Re: Mommie Dearest: Please don’t conflate the book with the movie. If you can find discrepancies in the biography, that’s one thing, but the movie wasn’t consistent with the biography. Eve, if you’re reading this, I know you’ve discredited the biography, and I’m not going to get into that. But the movie wasn’t Christina’s story; it was some screenwriter’s conception.
Yeah. A lot of people talk about “Baby Gladys” Pickford, but for my money, it was always her ex-flatmate, Lillian, who got my schnizzle stick… schnizzlin’.
There’s already been a couple of threads on this—but it is 85% crap. Christina submitted a typical, dull memoir to the publisher (where a friend of mine worked, this is how I know this), and it was combined with an unpublished novel called The Hype—which is where a lot of the stories came from.
Joan was an overly strict mother, she herself admitted, and obsessive about cleanliness (read Conversations with Crawford for her unvarnished opinion of herself!).

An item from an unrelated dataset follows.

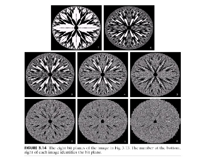 Bit-Plane Slicing • To highlight the contribution made to the total image appearance by specific bits. – i. e. Assuming that each pixel is represented by 8 bits, the image is composed of 8 1 -bit planes. – Plane 0 contains the least significant bit and plane 7 contains the most significant bit. – Only the higher order bits (top four) contain visually significant data. The other bit planes contribute the more subtle details.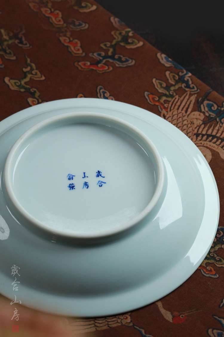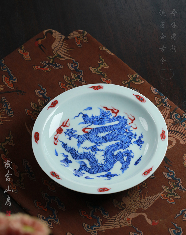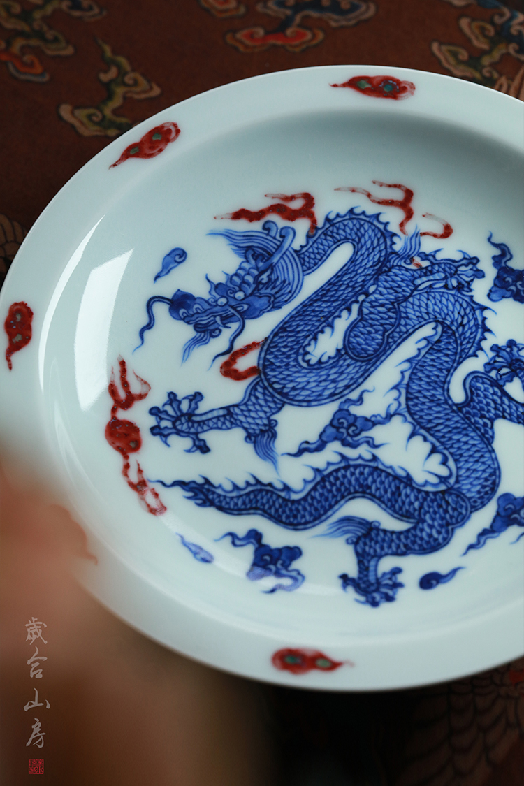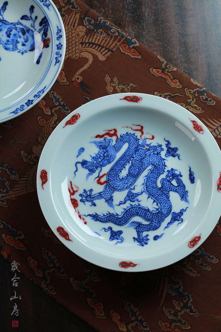 歲合山房俞强款青花釉里红龙纹盘

And she did have a drinking problem till she quit in the 1960s. But the two older kids, Christina and Christopher, were unmanageable, emotionally disturbed. The two younger daughters have said repeatedly, “Joan was a good mother—Christina made up most of that stuff,” but no one wants to hear that.
Joan did a lot of admirable things she never got credit for: nursed her dying ex, Franchot Tone, through his final illness; frequently gave young performers a hand up and bought them clothing; donated a wing to an L.A. hospital where people in the industry could be treated free of charge, at her expense . . . Plus, her coworkers always said she was 100% professional, a delight to work with.